With the images left out, print every entry that follows exactly.

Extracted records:
────
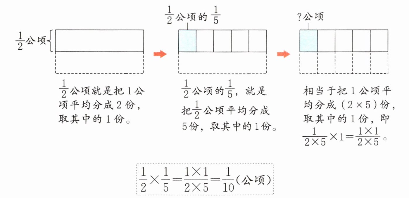 一块地的面积是$\frac{1}{2}$公顷,这块地的$\frac{1}{5}$种土豆,是把这块地的面积看作单位“1”。求种土豆的面积,是求$\frac{1}{2}公顷的\frac{1}{5}$是多少,用乘法计算,列式为$\frac{1}{2}×\frac{1}{5}$。
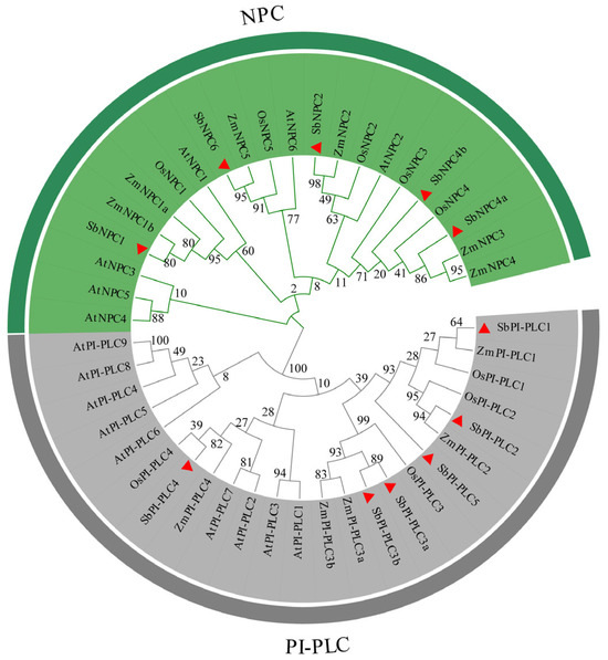 To investigate the evolutionary relationships of PLCs between sorghum and other species, we analyzed 15 AtPLCs from A. thaliana, 9 OsPLCs from O. sativa, 11 ZmPLCs from Z. mays, and 11 SbPLCs from sorghum. A maximum likelihood (ML) phylogenetic tree was generated (Figure 1). Through sequence alignment and phylogenetic analysis, the 46 proteins were categorized into two subfamilies, PI-PLCs and NPC. SbPLCs proteins show a close association with ZmPLCs proteins, suggesting a strong relationship, but they are more distantly related to AtPLCs proteins.
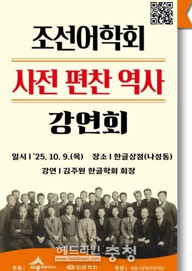 헤드라인충청 권은숙 기자 | 세종특별자치시가 한글학회와 함께 내달 9일 나성동 한글상점에서 ‘2025 세종시-한글학회 공동 주최 강연회’를 개최한다.
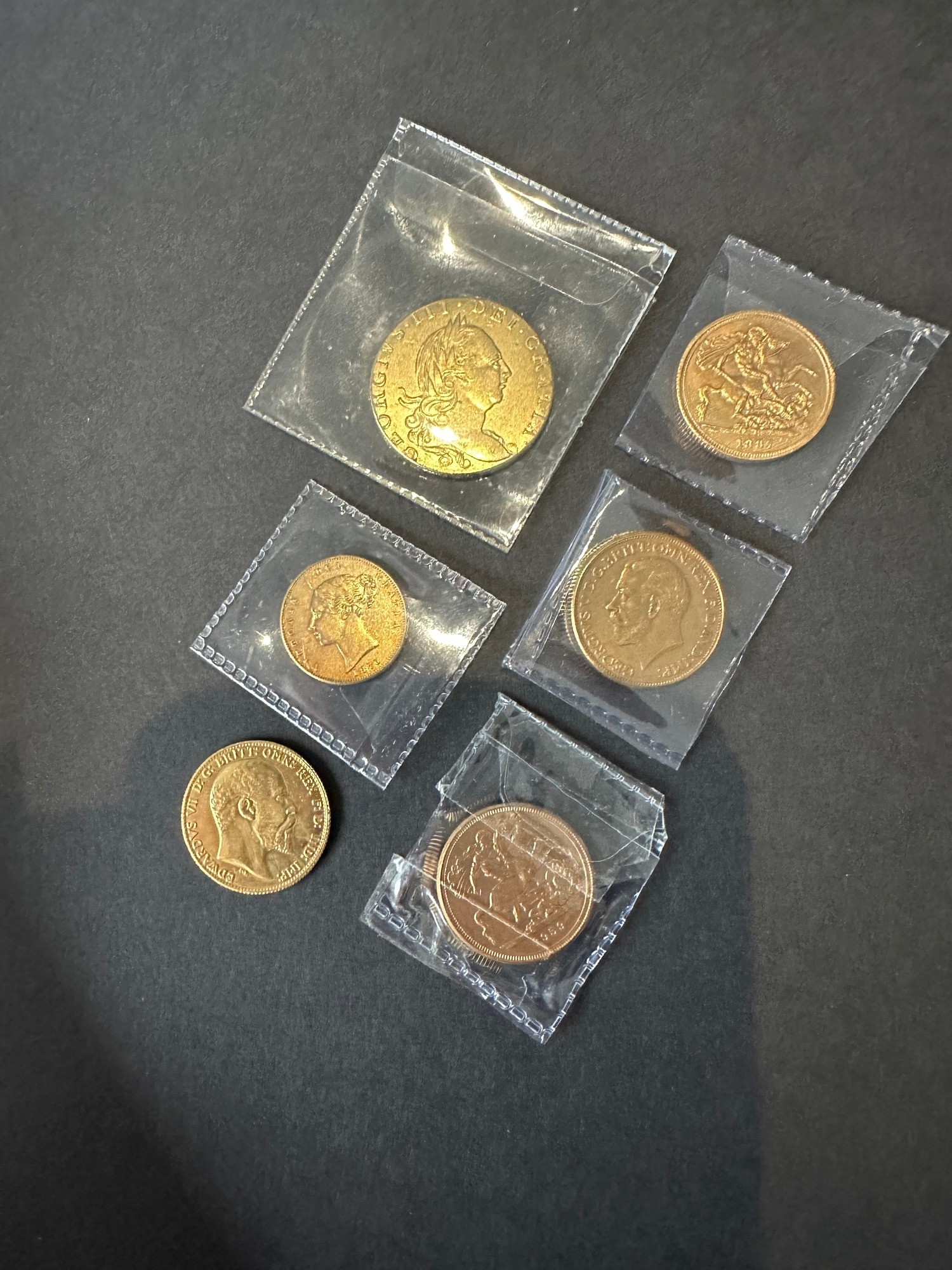 Small collection of 6 gold plated coins (inc sovereigns) from George III to QEII
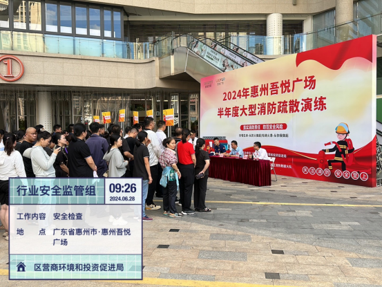 根據(jù)“安全生產(chǎn)月”活動(dòng)安排及要求,為提高企業(yè)從業(yè)人員應(yīng)急處置能力,2024年6月28日上午,我局聯(lián)合區(qū)消防大隊(duì)、吾悅廣場,在吾悅廣場1號門開展惠州吾悅廣場半年度消防疏散演練,組織商場管理人員及商戶約100人參加演練活動(dòng),切實(shí)提高從業(yè)人員安全意識、應(yīng)急處置能力。
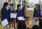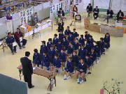| 玉名郡市の先生方訪問・三年生授業研究会 11月8日の午後、鳥飼先生が総合的な学習の授業をしました。「くだもの博物館を作ろう」と題して、3年生が果物について調べたことを発表しました。授業研究会ということで、玉名郡市から15人ほどの先生方が来校しました。他校の先生方が見守る中、○×ゲーム・デジカメ投影・紙芝居・劇・実物体験といろんな方法で発表してくれました。子どもたちの態度も発表の内容も、すばらしかったと思います。分科会においていくつかほめていただきました。この発表は博物館ですから、他学年にもする予定です。松村さんと畠山さんがお忙しい中にゲストティーチャーとして授業に参加し、子どもたちの発表について感想や意見を述べていただきました。ありがとうございました。 | ![]() |
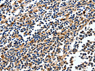 The image on the left is immunohistochemistry of paraffin-embedded Human tonsil tissue using CSB-PA173796(NFKBID Antibody) at dilution 1/25, on the right is treated with fusion protein. (Original magnification: ×200)
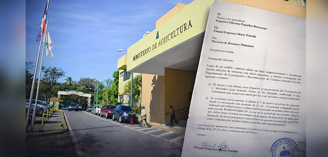 DIARIO ECO/SANTO DOMINGO, RD.- Ha sido revelada la carta de renuncia de un empleado del Ministerio de Agricultura alegando presiones que recibía para adjudicar obras a empresas sin los debidos procesos de licitación.
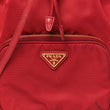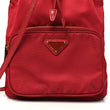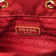 This is an authentic PRADA Nylon Vela Saffiano Mini Bucket Crossbody Bag in Fuoco. This stylish bag is crafted of nylon in red. The bag features a facing zipper pocket, a top cinch strap, and a leather strap with brass buckles and links. The top opens to a red Prada jacquard fabric interior.
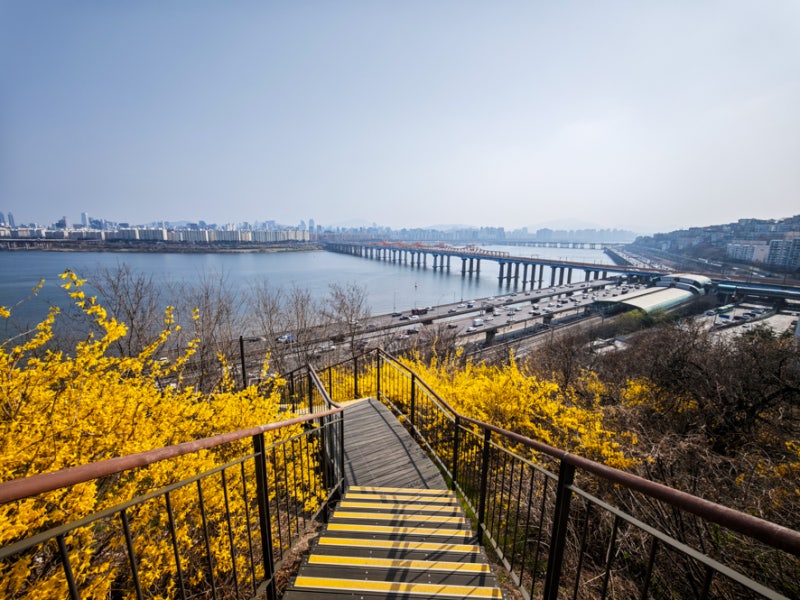 A river flowing through the city center, popular for walking and various festivals. Cheonggye Plaza has a photo-shoot point with a candlelight fountain and a large waterfall. Connects to Gwangjang Market, Dongdaemun Fashion Town, and DDP. Hosts the Seoul Lantern Festival in November.
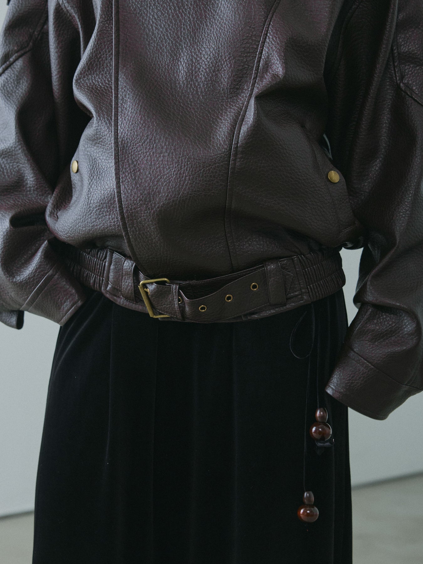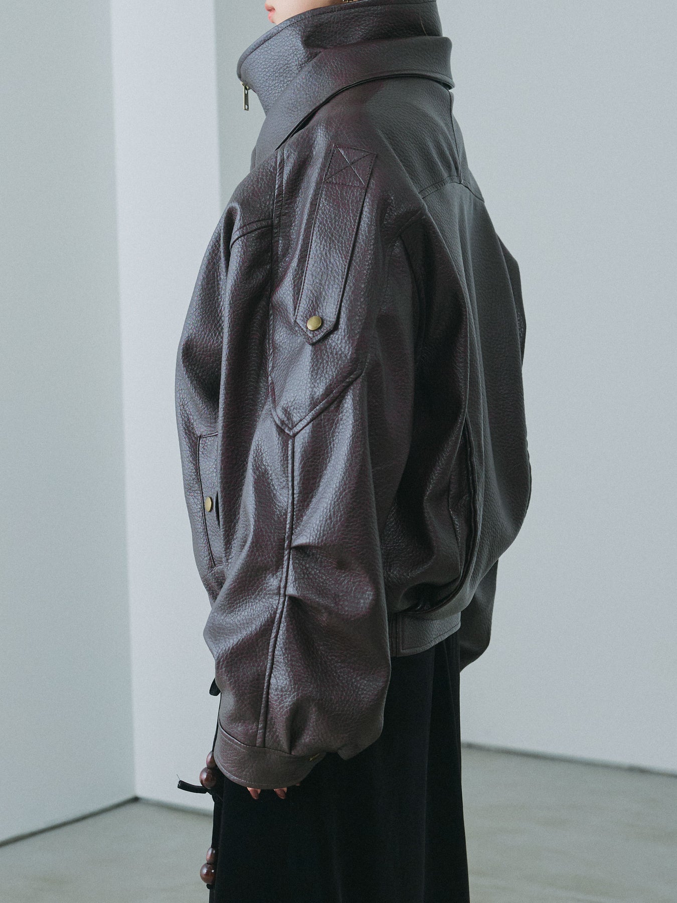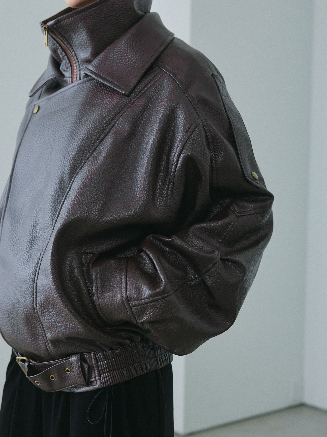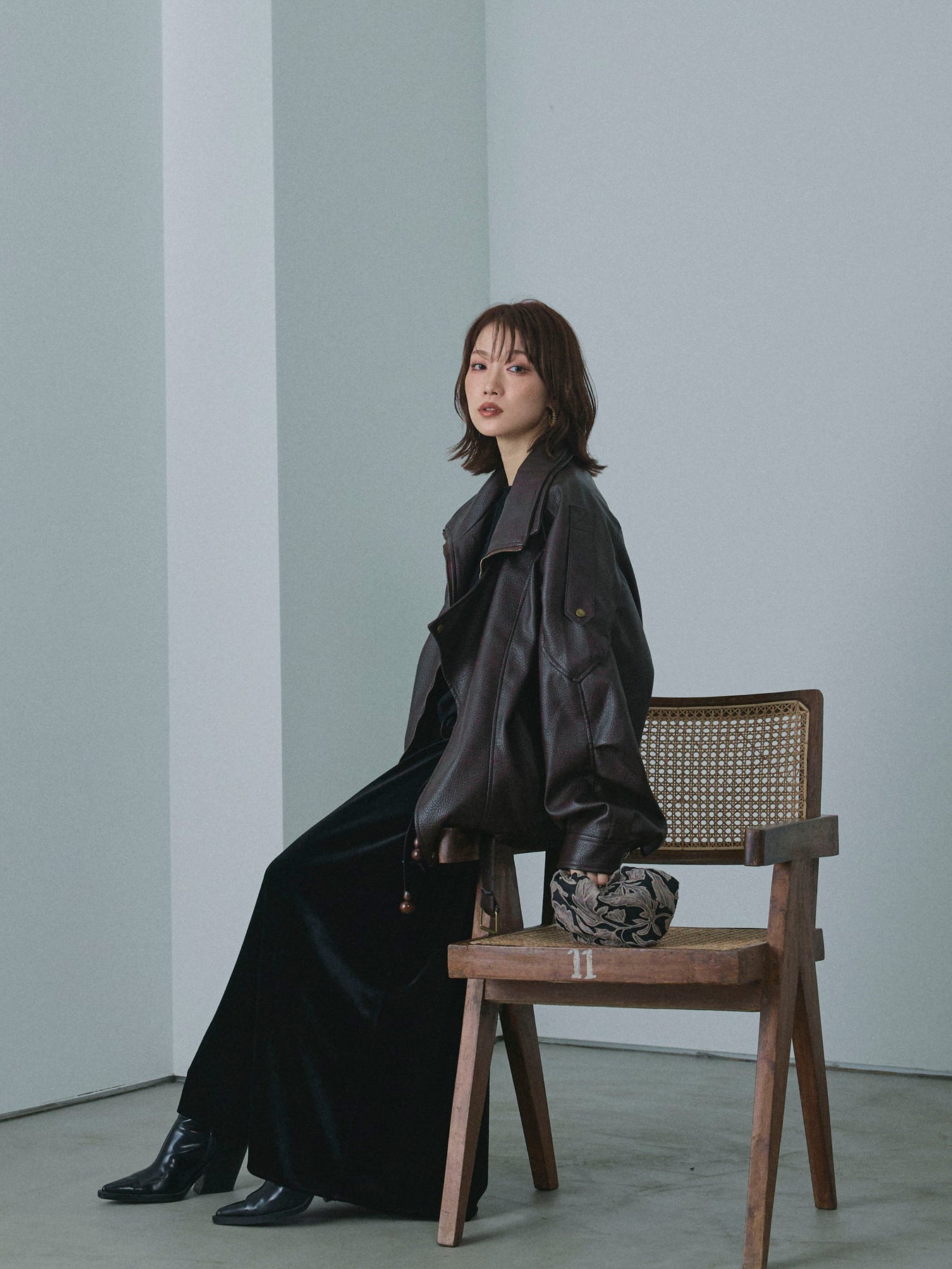 程よい艶感と重厚感のあるフェイクレザーを使用したスタンドカラーブルゾン。 ややオーバーサイズなシルエットで、羽織るだけでモードな雰囲気を演出します。 柔らかく馴染むフェイクレザー素材が、メンズライクな印象の中にも女性らしさを引き立てる一着。 首元までしっかり閉められるスタンドカラー仕様で、防寒性とデザイン性を両立。 裾や袖口のベルトディテールがアクセントとなり、シンプルなスタイリングに深みを加えます。 デイリーから特別な日のコーディネートまで幅広く活躍するアイテムです。 ※ボトムス、キャミソール(インナー)以外の商品は一律でインナーは付属していません。
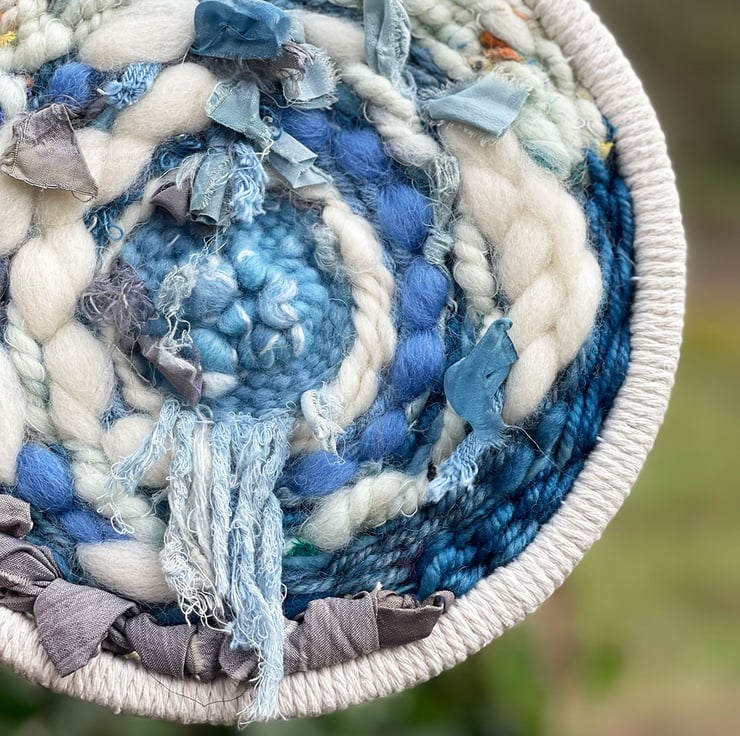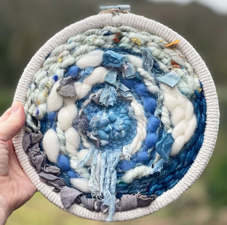Unique Wild Sea circular hand woven artwork framed in a wooden embroidery hoop which has been bound with white macrame cotton. The artwork is a one of a kind piece which I have hand woven with my own hand dyed and handspun art yarns, indigo dyed handspun yarns, wool roving, cotton gauze, and sari ribbon.
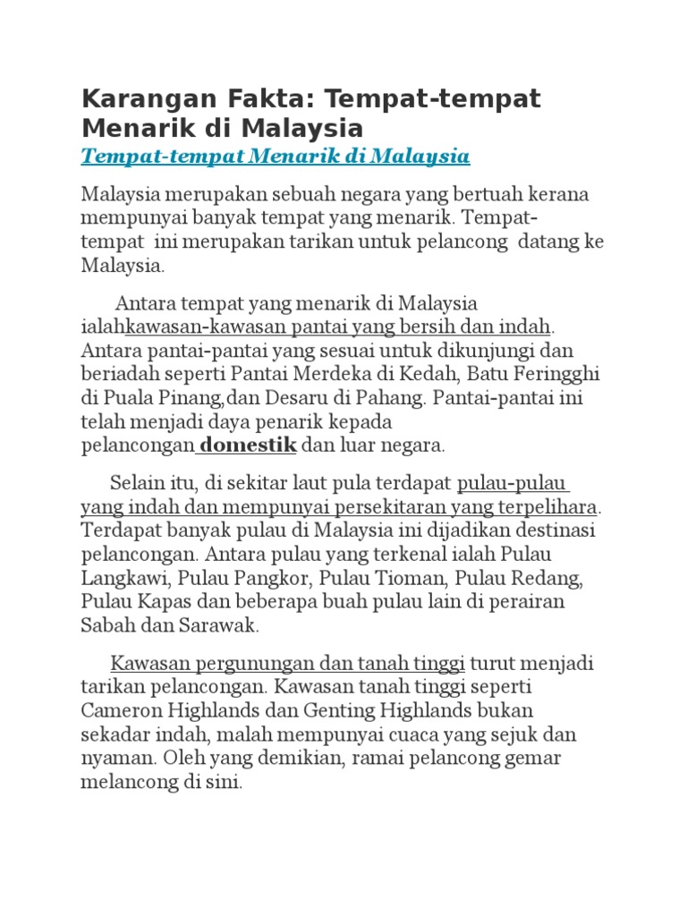 Tempat menarik di malaysia karangan spm. Berkumpul di sekolah pukul 7 00 pagi menaiki bas tiba 8 30 pagi disambut oleh pengawai yang bertugas memberikan taklimat tentang tempat tersebu karangan surat tidak rasmi aktiviti cuti sekolah malaysia karangan surat tidak rasmi aktiviti kokurikulum. Malaysia telah diangkat sebaigai sebuah destinasi pelancongan. Ceritakan pengalaman anda semasa melawat ke tempat tempat bersejarah yang terkenal di negara kita. Bincangkan karangan spm.
────
-- SOLUTION --
 一块地的面积是$\frac{1}{2}$公顷,这块地的$\frac{1}{5}$种土豆,是把这块地的面积看作单位“1”。求种土豆的面积,是求$\frac{1}{2}公顷的\frac{1}{5}$是多少,用乘法计算,列式为$\frac{1}{2}×\frac{1}{5}$。
 To investigate the evolutionary relationships of PLCs between sorghum and other species, we analyzed 15 AtPLCs from A. thaliana, 9 OsPLCs from O. sativa, 11 ZmPLCs from Z. mays, and 11 SbPLCs from sorghum. A maximum likelihood (ML) phylogenetic tree was generated (Figure 1). Through sequence alignment and phylogenetic analysis, the 46 proteins were categorized into two subfamilies, PI-PLCs and NPC. SbPLCs proteins show a close association with ZmPLCs proteins, suggesting a strong relationship, but they are more distantly related to AtPLCs proteins.
 헤드라인충청 권은숙 기자 | 세종특별자치시가 한글학회와 함께 내달 9일 나성동 한글상점에서 ‘2025 세종시-한글학회 공동 주최 강연회’를 개최한다.
 Small collection of 6 gold plated coins (inc sovereigns) from George III to QEII
 根據(jù)“安全生產(chǎn)月”活動(dòng)安排及要求,為提高企業(yè)從業(yè)人員應(yīng)急處置能力,2024年6月28日上午,我局聯(lián)合區(qū)消防大隊(duì)、吾悅廣場,在吾悅廣場1號門開展惠州吾悅廣場半年度消防疏散演練,組織商場管理人員及商戶約100人參加演練活動(dòng),切實(shí)提高從業(yè)人員安全意識、應(yīng)急處置能力。
| 玉名郡市の先生方訪問・三年生授業研究会 11月8日の午後、鳥飼先生が総合的な学習の授業をしました。「くだもの博物館を作ろう」と題して、3年生が果物について調べたことを発表しました。授業研究会ということで、玉名郡市から15人ほどの先生方が来校しました。他校の先生方が見守る中、○×ゲーム・デジカメ投影・紙芝居・劇・実物体験といろんな方法で発表してくれました。子どもたちの態度も発表の内容も、すばらしかったと思います。分科会においていくつかほめていただきました。この発表は博物館ですから、他学年にもする予定です。松村さんと畠山さんがお忙しい中にゲストティーチャーとして授業に参加し、子どもたちの発表について感想や意見を述べていただきました。ありがとうございました。 | ![]() |
 The image on the left is immunohistochemistry of paraffin-embedded Human tonsil tissue using CSB-PA173796(NFKBID Antibody) at dilution 1/25, on the right is treated with fusion protein. (Original magnification: ×200)
 DIARIO ECO/SANTO DOMINGO, RD.- Ha sido revelada la carta de renuncia de un empleado del Ministerio de Agricultura alegando presiones que recibía para adjudicar obras a empresas sin los debidos procesos de licitación.
 This is an authentic PRADA Nylon Vela Saffiano Mini Bucket Crossbody Bag in Fuoco. This stylish bag is crafted of nylon in red. The bag features a facing zipper pocket, a top cinch strap, and a leather strap with brass buckles and links. The top opens to a red Prada jacquard fabric interior.
 A river flowing through the city center, popular for walking and various festivals. Cheonggye Plaza has a photo-shoot point with a candlelight fountain and a large waterfall. Connects to Gwangjang Market, Dongdaemun Fashion Town, and DDP. Hosts the Seoul Lantern Festival in November.
 程よい艶感と重厚感のあるフェイクレザーを使用したスタンドカラーブルゾン。 ややオーバーサイズなシルエットで、羽織るだけでモードな雰囲気を演出します。 柔らかく馴染むフェイクレザー素材が、メンズライクな印象の中にも女性らしさを引き立てる一着。 首元までしっかり閉められるスタンドカラー仕様で、防寒性とデザイン性を両立。 裾や袖口のベルトディテールがアクセントとなり、シンプルなスタイリングに深みを加えます。 デイリーから特別な日のコーディネートまで幅広く活躍するアイテムです。 ※ボトムス、キャミソール(インナー)以外の商品は一律でインナーは付属していません。
Unique Wild Sea circular hand woven artwork framed in a wooden embroidery hoop which has been bound with white macrame cotton. The artwork is a one of a kind piece which I have hand woven with my own hand dyed and handspun art yarns, indigo dyed handspun yarns, wool roving, cotton gauze, and sari ribbon.
 Tempat menarik di malaysia karangan spm. Berkumpul di sekolah pukul 7 00 pagi menaiki bas tiba 8 30 pagi disambut oleh pengawai yang bertugas memberikan taklimat tentang tempat tersebu karangan surat tidak rasmi aktiviti cuti sekolah malaysia karangan surat tidak rasmi aktiviti kokurikulum. Malaysia telah diangkat sebaigai sebuah destinasi pelancongan. Ceritakan pengalaman anda semasa melawat ke tempat tempat bersejarah yang terkenal di negara kita. Bincangkan karangan spm.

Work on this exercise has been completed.